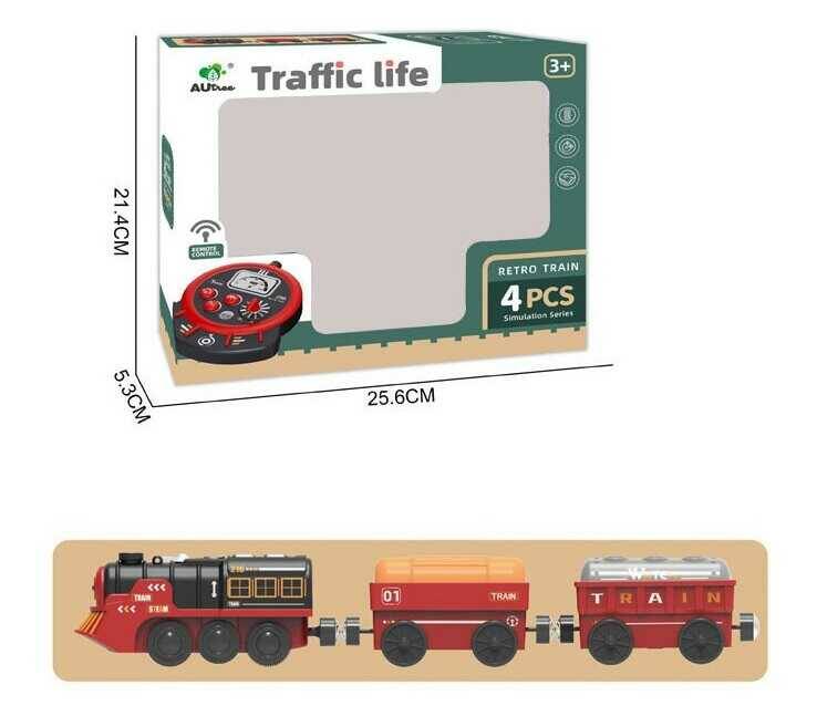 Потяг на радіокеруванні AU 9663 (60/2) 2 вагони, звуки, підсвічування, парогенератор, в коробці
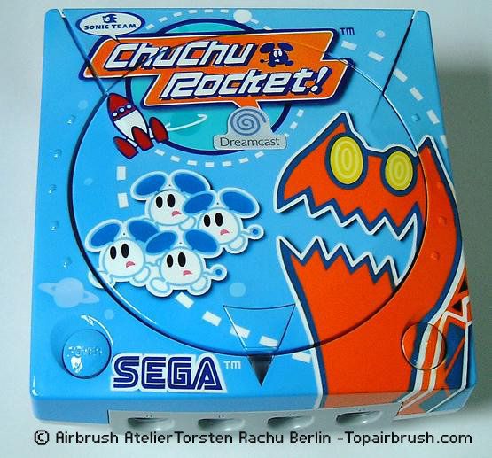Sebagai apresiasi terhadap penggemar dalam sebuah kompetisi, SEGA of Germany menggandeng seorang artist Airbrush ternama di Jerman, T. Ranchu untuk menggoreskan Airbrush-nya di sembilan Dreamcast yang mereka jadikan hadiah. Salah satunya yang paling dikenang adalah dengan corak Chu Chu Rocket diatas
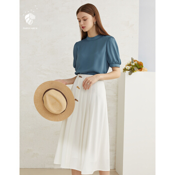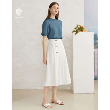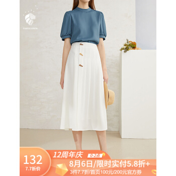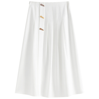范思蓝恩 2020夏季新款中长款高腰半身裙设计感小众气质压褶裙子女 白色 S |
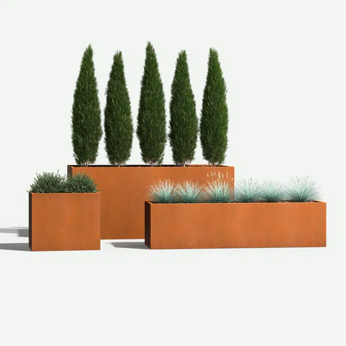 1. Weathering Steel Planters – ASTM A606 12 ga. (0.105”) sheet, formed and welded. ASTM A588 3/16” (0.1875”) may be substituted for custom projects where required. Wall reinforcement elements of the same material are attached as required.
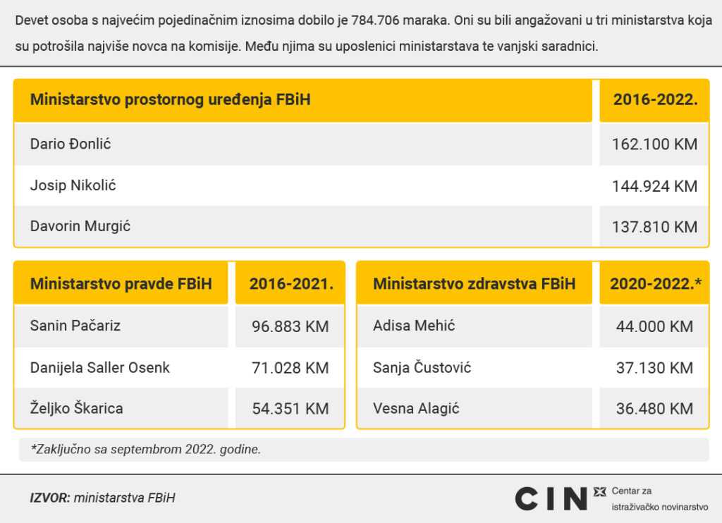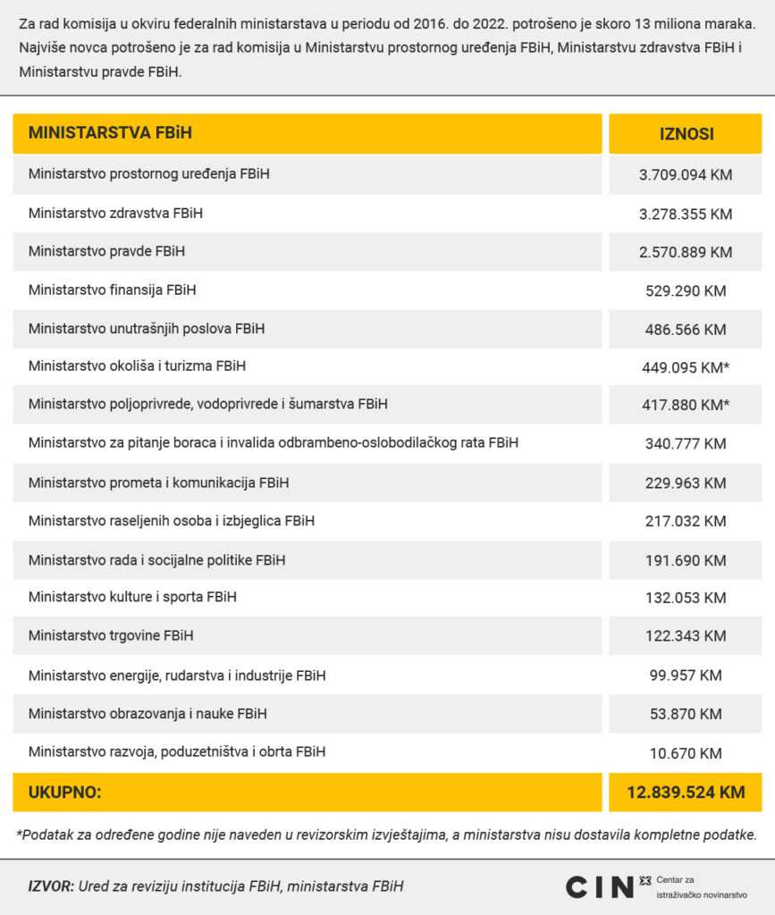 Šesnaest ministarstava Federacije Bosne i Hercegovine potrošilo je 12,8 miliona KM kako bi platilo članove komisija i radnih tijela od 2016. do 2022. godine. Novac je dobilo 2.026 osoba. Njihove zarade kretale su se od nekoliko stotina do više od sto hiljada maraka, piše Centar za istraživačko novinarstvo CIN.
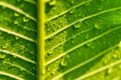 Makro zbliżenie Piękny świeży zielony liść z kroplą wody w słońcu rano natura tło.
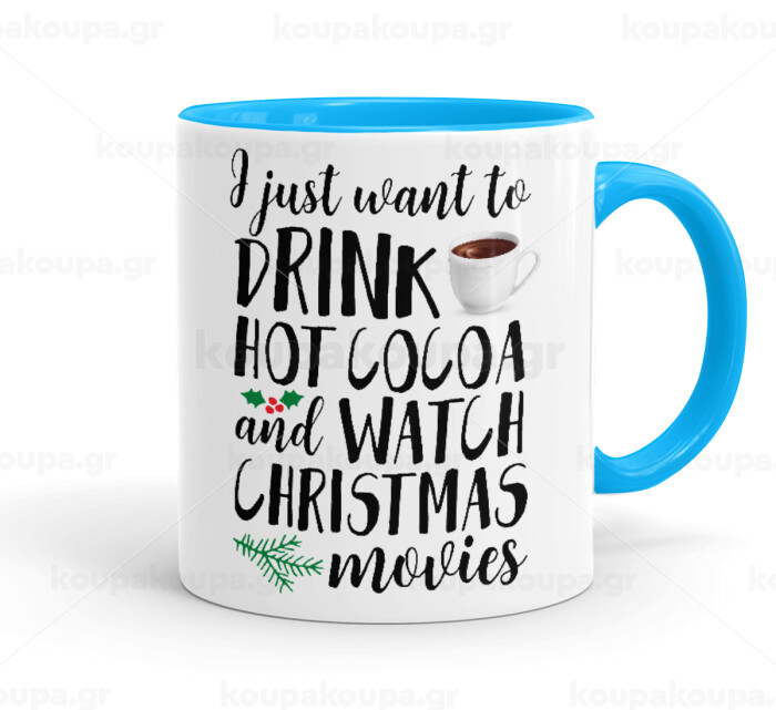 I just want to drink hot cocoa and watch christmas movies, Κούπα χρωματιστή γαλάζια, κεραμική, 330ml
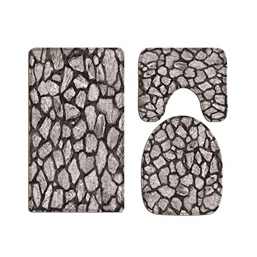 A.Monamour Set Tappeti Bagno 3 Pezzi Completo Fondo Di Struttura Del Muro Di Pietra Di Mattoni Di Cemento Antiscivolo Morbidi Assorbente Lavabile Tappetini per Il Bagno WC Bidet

Task prompt: With every picture left out, print exactly the lines from the one containing "I just want" through the final line of the material above.

Result of the exercise:
 I just want to drink hot cocoa and watch christmas movies, Κούπα χρωματιστή γαλάζια, κεραμική, 330ml
 A.Monamour Set Tappeti Bagno 3 Pezzi Completo Fondo Di Struttura Del Muro Di Pietra Di Mattoni Di Cemento Antiscivolo Morbidi Assorbente Lavabile Tappetini per Il Bagno WC Bidet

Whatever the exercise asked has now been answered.